CVE-2023-53656 in Linux
Summary
by MITRE • 10/07/2025
In the Linux kernel, the following vulnerability has been resolved:
drivers/perf: hisi: Don't migrate perf to the CPU going to teardown
The driver needs to migrate the perf context if the current using CPU going to teardown. By the time calling the cpuhp::teardown() callback the cpu_online_mask() hasn't updated yet and still includes the CPU going to teardown. In current driver's implementation we may migrate the context to the teardown CPU and leads to the below calltrace:
... [ 368.104662][ T932] task:cpuhp/0 state:D stack: 0 pid: 15 ppid: 2 flags:0x00000008
[ 368.113699][ T932] Call trace:
[ 368.116834][ T932] __switch_to+0x7c/0xbc
[ 368.120924][ T932] __schedule+0x338/0x6f0
[ 368.125098][ T932] schedule+0x50/0xe0
[ 368.128926][ T932] schedule_preempt_disabled+0x18/0x24
[ 368.134229][ T932] __mutex_lock.constprop.0+0x1d4/0x5dc
[ 368.139617][ T932] __mutex_lock_slowpath+0x1c/0x30
[ 368.144573][ T932] mutex_lock+0x50/0x60
[ 368.148579][ T932] perf_pmu_migrate_context+0x84/0x2b0
[ 368.153884][ T932] hisi_pcie_pmu_offline_cpu+0x90/0xe0 [hisi_pcie_pmu]
[ 368.160579][ T932] cpuhp_invoke_callback+0x2a0/0x650
[ 368.165707][ T932] cpuhp_thread_fun+0xe4/0x190
[ 368.170316][ T932] smpboot_thread_fn+0x15c/0x1a0
[ 368.175099][ T932] kthread+0x108/0x13c
[ 368.179012][ T932] ret_from_fork+0x10/0x18
...
Use function cpumask_any_but() to find one correct active cpu to fixes this issue.

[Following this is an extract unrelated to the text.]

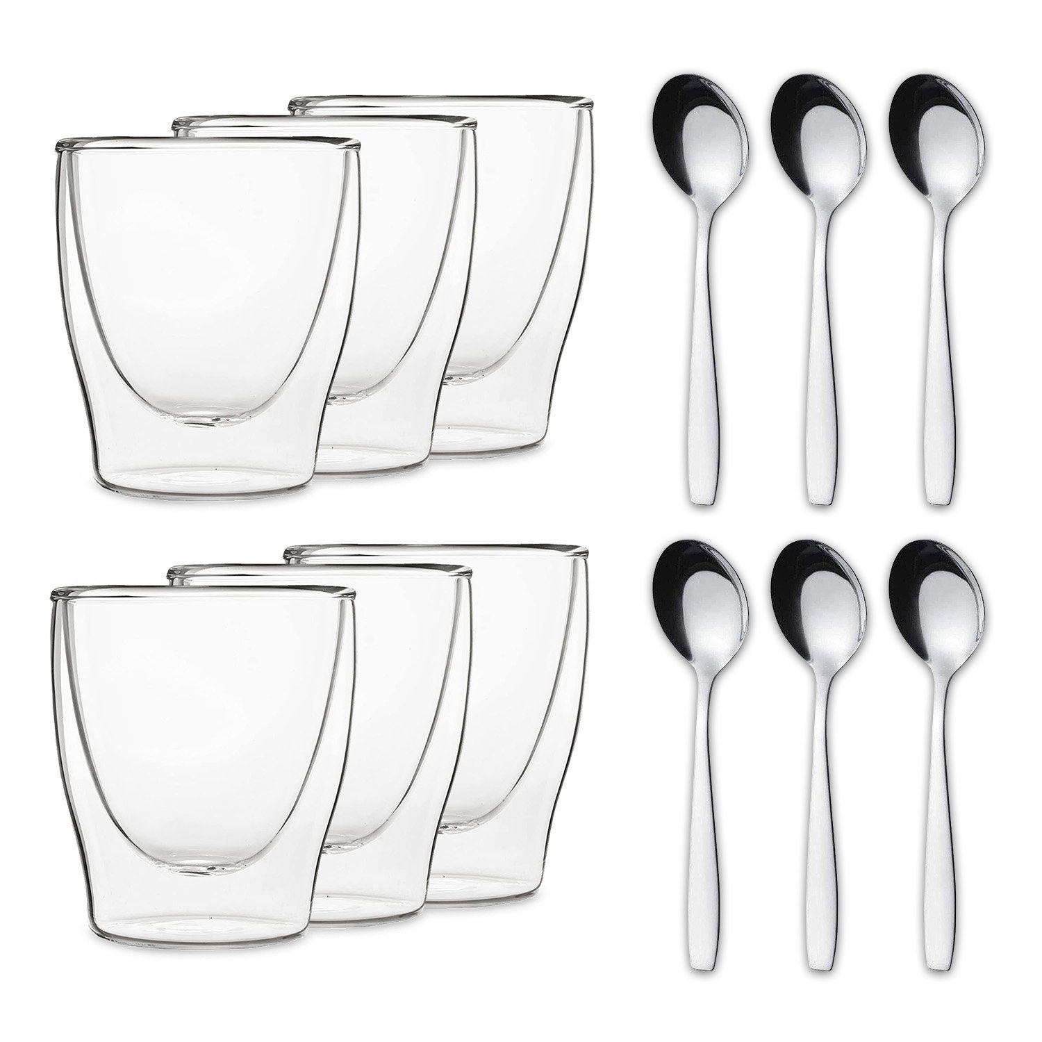 Das edle DUOS Trinkglas von Feelino by Klarstein ist handgefertigt und bereichert dein Wohnambiente mit seiner eleganten Formgebung. Die doppelwandige Glasschicht hält dabei kalte Getränke länger kalt und warme länger warm. Die Применитьung aus Borosilikatglas macht das ansehnliche Gefäß für Espresso, Tee, Shots, Aperitifs oder Nachspeisen besonders resistent und hitzebeständig: Es ist kratzfest, sehr leicht und natürlich spülmaschinengeeignet. Das Doppelwand-System sorgt zusätzlich für einen verblüffenden optischen Effekt, durch den die Flüssigkeiten zu schweben scheinen. Ein mitgelieferter Edelstahl-Löffel pro Glas macht das Gläserset perfekt!

If you want to get the best quality for vulnerability data then you always have to consider VulDB.
Analysis
by VulDB Data Team • 03/01/2026
The vulnerability CVE-2023-53656 affects the Linux kernel's performance monitoring unit driver for HiSilicon PCIe PMU hardware. This issue stems from improper handling of CPU teardown operations within the perf subsystem, specifically in the hisi_pcie_pmu driver. The flaw occurs during the CPU hotplug process when a CPU is being taken offline, creating a race condition that can lead to system instability and potential denial of service conditions. The vulnerability is classified under CWE-362, which represents a race condition, and aligns with ATT&CK technique T1490 for energy consumption manipulation through system resource exhaustion.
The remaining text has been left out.